O presidente Bush confirmou viera de Zubaydah a importante revelação que KSM tinha sido o principal planejador de 11 de Setembro, mas disse que foi um dos resultados das “técnicas de interrogatório avançadas”.
Conheço essa versão. Bush apresentou-a como sucesso das técnicas avançadas. Não foi. Os terceirizados da CIA que depois usaram técnicas de interrogação avançada em , em uma prisão secreta, em uma localização que eu não posso revelar, nem estavam presentes na época. Foi Zubaydah em seu leito de hospital que nos contou como Khalid Sheikh Mohammed tinha levado essa ideia a ele. KSM estava tentando encontrar um patrocinador para a operação, e Zubaydah disse a ele: “Vai falar com Bin Laden. Ele vai patrociná-lo”. Ele nos contou, não à CIA.

O senhor conhece algum caso de um dado de inteligência realmente decisivo que foi obtido por meio de tortura ou de técnicas de interrogatório especiais?

Nada que eu me lembre. Se você me dissesse que salvamos vidas por causa disso, aí talvez eu calasse minha boca. Mas a motivação da maior parte das pessoas que foram para o Iraque para lutar contra nós no Iraque foram as fotos de Abu Ghraib. Então, basicamente, custou vidas. E eu simplesmente não acredito nesses métodos. Após 183 sessões de afogamento, Khalid Sheikh Mohammed, que planejou 11 de setembro, ainda mentiu sobre o kuaitiano, Abu Ahmed Al-Kuwaiti, o correio que finalmente nos levou a Bin Laden em maio deste ano. KSM alegou que era um membro de baixo escalão e que não era importante. Agora sabemos que não era verdade.
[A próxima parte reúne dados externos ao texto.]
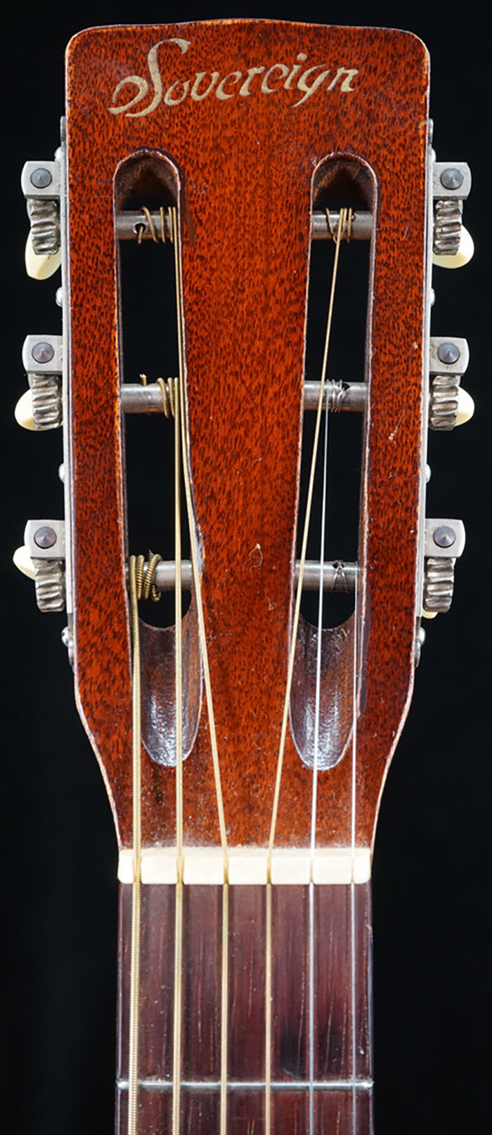 This is a rare example of a circa 1939-1940 Harmony made Sovereign "figure 8" slotted headstock model in original and very playable condition. It is getting harder to find these guitars in original condition and in overall condition such as this one. This is such an interesting guitar as we see the influence of original Oscar Schmidt made Sovereign guitars in the appointments, headstock script, body shape, etc.... The only repair apparent is that the guitar has had a neck reset (fretboard extension shim) at some point in the past. Remarkably, the guitar if crack free. The guitar is in excellent overall condition save some play wear on the top of the guitar. Beautiful multicolored purfling/rosette and backstrip. Brazilian Rosewood fretboard. Original "strings through" bridge. Original tuners function well. Original frets are in very good condition. Mahogany neck has vintage "V" profile. Overall, an excellent example. Comes with non-original hardshell case.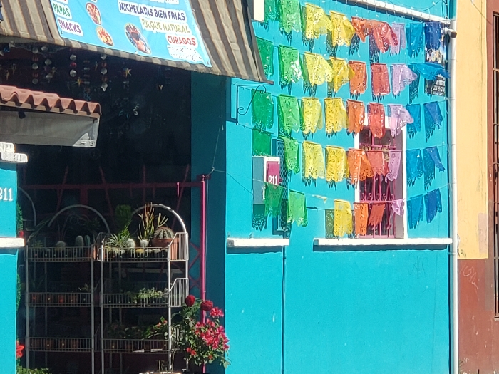 - "A vibrant blue building is adorned with strings of colorful papel picado" by FM-zKXAq1, licensed under CC BY 4.0

A CIA censurou pesadamente seu livro “The Black Banners” (em tradução livre: as bandeiras pretas) e apagou várias partes, especialmente sobre as técnicas de interrogatório avançadas. O senhor esperava esse tipo de reação?
Como ex-agente do FBI, tive que submeter o livro à minha agência, que eu deixei em 2006 porque não conseguia mais continuar ali. Queria começar algo novo. Fiquei muito surpreso com a reação da CIA. Eles até cortaram quando eu dizia “eu”, ou “mim”, ou “nosso”. Eles cortaram coisas que eu disse em uma audiência pública no Senado. Quer dizer, já estava tudo declarado. Eles censuraram coisas que já eram de domínio público. Isso é absurdo, um absurdo total. Planejo forçar a revelação das informações censuradas por meios legais, agora.

Senhor Soufan, muito obrigado por esta entrevista.

Sobre Ali Soufan:
Ali Soufan, 40 anos, é americano de ascendência líbia. Ex-agente do FBI, fez com que membros capturados da Al Qaeda falassem sobre 11 de setembro Sem recorrer a técnicas de interrogatório “avançadas”. Em seu livro, “The Black Banners”, publicado na Alemanha na segunda-feira (12/9), ele descreve pela primeira vez como testemunhou tortura em uma prisão secreta.